■ INSTRUCTIONS FOR THE TASK:
Among the lines of the material below, count those with the string "their". Give the number alone.
───── RECORDS FOR THIS TASK ─────
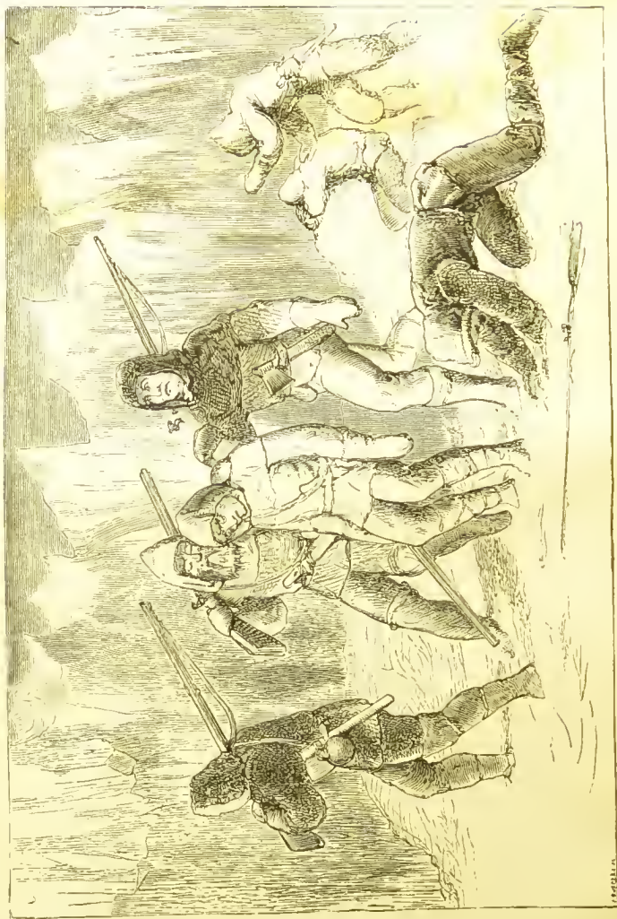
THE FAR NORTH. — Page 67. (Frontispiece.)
─────
───── RECORDS FOR THIS TASK ─────
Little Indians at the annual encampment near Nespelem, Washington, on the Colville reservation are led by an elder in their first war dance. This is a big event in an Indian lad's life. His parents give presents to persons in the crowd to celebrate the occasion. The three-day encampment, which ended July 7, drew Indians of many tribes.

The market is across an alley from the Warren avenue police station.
─────
───── RECORDS FOR THIS TASK ─────
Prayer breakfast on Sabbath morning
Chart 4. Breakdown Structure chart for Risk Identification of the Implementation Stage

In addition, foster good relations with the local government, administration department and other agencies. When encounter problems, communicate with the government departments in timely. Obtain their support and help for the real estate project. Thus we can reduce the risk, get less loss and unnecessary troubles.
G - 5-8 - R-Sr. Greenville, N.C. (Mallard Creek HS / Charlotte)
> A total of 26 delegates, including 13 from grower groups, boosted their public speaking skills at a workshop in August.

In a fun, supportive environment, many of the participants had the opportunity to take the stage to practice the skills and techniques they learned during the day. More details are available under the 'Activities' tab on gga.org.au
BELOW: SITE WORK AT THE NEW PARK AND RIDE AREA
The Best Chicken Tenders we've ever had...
─────
■ RESPONSE:
3